Global capital and family offices targeted as Hong Kong reinstates Capital Investment Entrant...
Global capital and family offices targeted as Hong Kong reinstates Capital Investment Entrant Scheme for financial attraction

Global Financial Hub, Hong Kong, Restarts Capital Investment Program to Entice International Capital and Wealth Management Firms

The Financial Services and the Treasury Bureau has reintroduced the Capital Investment Entrant Scheme (New CIES), effective from 1 March 2024 [1][2][3][4]. The updated scheme requires a minimum investment of HK$30 million (approximately USD 3.8 million) to secure residency and settlement in Hong Kong [3][4].

The eligible assets for the New CIES include a minimum investment of HK$3 million in a government-managed portfolio, focusing on sectors such as low-altitude economy, gerontechnology, smart living, and technology-driven cultural and entertainment fields [1][3]. The remaining HK$27 million can be invested in approved financial assets, excluding residential property to avoid linking immigration to real estate inflation [3]. Eligible financial assets include funds, stocks, and bonds approved by the Securities and Futures Commission (SFC) of Hong Kong, real estate investment trusts (REITs), investment-linked assurance schemes, and other qualified financial products [1][3][4].

The New CIES allows up to HK$10 million to be invested in non-residential real estate, with mortgages permitted but only the equity portion qualifying [4]. The scheme has attracted over 1,500 applications since its reintroduction, with more than 670 approvals, injecting approximately HK$21 billion into Hong Kong’s economy [1][4].
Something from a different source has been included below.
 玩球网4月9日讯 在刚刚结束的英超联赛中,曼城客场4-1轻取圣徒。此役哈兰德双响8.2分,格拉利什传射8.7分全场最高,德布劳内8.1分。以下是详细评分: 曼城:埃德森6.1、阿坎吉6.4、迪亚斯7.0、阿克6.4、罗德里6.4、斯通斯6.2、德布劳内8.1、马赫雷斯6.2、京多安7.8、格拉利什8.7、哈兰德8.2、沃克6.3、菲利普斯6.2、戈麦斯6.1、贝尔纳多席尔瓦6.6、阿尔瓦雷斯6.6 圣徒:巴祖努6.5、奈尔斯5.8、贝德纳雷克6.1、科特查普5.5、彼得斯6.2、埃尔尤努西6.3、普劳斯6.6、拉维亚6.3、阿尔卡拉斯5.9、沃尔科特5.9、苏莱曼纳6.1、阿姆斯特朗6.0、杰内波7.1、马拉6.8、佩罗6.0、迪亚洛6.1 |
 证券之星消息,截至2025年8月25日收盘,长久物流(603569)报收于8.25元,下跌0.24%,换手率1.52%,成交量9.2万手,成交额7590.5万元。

The process involves verification of the applicant’s net assets by the New CIES Office before submitting an entry application to the Immigration Department. Upon approval-in-principle, the applicant can enter Hong Kong on visitor status to make the committed investment within a specified period. After completing the investment, the New CIES Office verifies fulfillment of the investment requirements before finalizing the residency status [2].
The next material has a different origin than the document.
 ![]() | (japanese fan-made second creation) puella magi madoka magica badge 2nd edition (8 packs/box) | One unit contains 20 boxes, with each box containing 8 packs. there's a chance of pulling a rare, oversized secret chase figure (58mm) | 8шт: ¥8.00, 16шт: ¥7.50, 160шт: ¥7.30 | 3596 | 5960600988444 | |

Applicants under the New CIES must maintain investment thresholds for seven years and can only withdraw cash income like dividends or rent [4]. The scheme aims to expand Hong Kong's appeal as a base for global family offices and wealth platforms, bolstering capital inflows and reinforcing Hong Kong's position as a leading international asset and wealth management centre [4]. The minimum net asset threshold of HK$30 million over two years prior to application is required for the New CIES [4].

The Permissible Investment Assets include a mandatory HK$3 million contribution to a government-managed portfolio by the Hong Kong Investment Corporation [4]. The New CIES is part of the broader policy agenda of the Financial Services and the Treasury Bureau.
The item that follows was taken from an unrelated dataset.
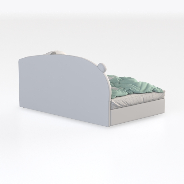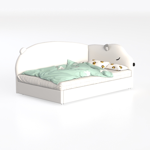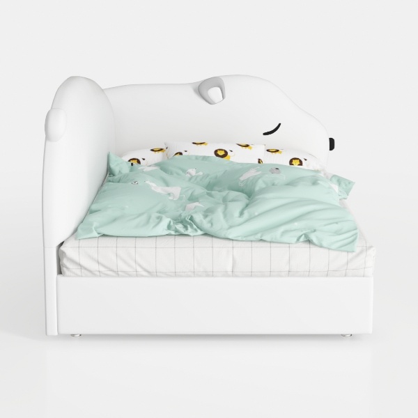 Designed with childlike wonder, the headboard mimics a cuddly bear, evoking warmth and safety. Its smooth, white surface contrasts softly with mint-green bedding dotted with playful animal prints, creating a gentle, inviting vibe. Perfect for a dreamy kids' room, it pairs beautifully with soft rugs and fairy lights, while a sturdy frame and under-bed storage add practical charm.

Sources: 1. https://www.scmp.com/business/companies/article/3145348/hong-kong-government-plans-new-investment-scheme-attract-wealthy 2. https://www.scmp.com/news/hong-kong/politics/article/3144411/hong-kong-government-to-launch-new-immigration-scheme 3. https://www.scmp.com/news/hong-kong/politics/article/3145707/hong-kong-immigration-department-launches-new-immigration 4. https://www.scmp.com/business/companies/article/3146236/new-hong-kong-immigration-scheme-attracts-over-1500-applications

  1. The Permissible Investment Assets under the New CIES include a mandatory HK$3 million contribution to a government-managed portfolio by the Hong Kong Investment Corporation, funds, stocks, and bonds approved by the Securities and Futures Commission (SFC) of Hong Kong, real estate investment trusts (REITs), investment-linked assurance schemes, and other qualified financial products.
  2. Eligible for investment in the non-residential real estate under the New CIES are up to HK$10 million, with mortgages permitted but only the equity portion qualifying.
  3. Limited partners who invest in the New CIES can only withdraw cash income like dividends or rent, while maintaining investment thresholds for a period of seven years.
  4. The New CIES is aimed at expanding Hong Kong's appeal as a base for global family offices and wealth platforms, with the scheme part of the broader policy agenda of the Financial Services and the Treasury Bureau.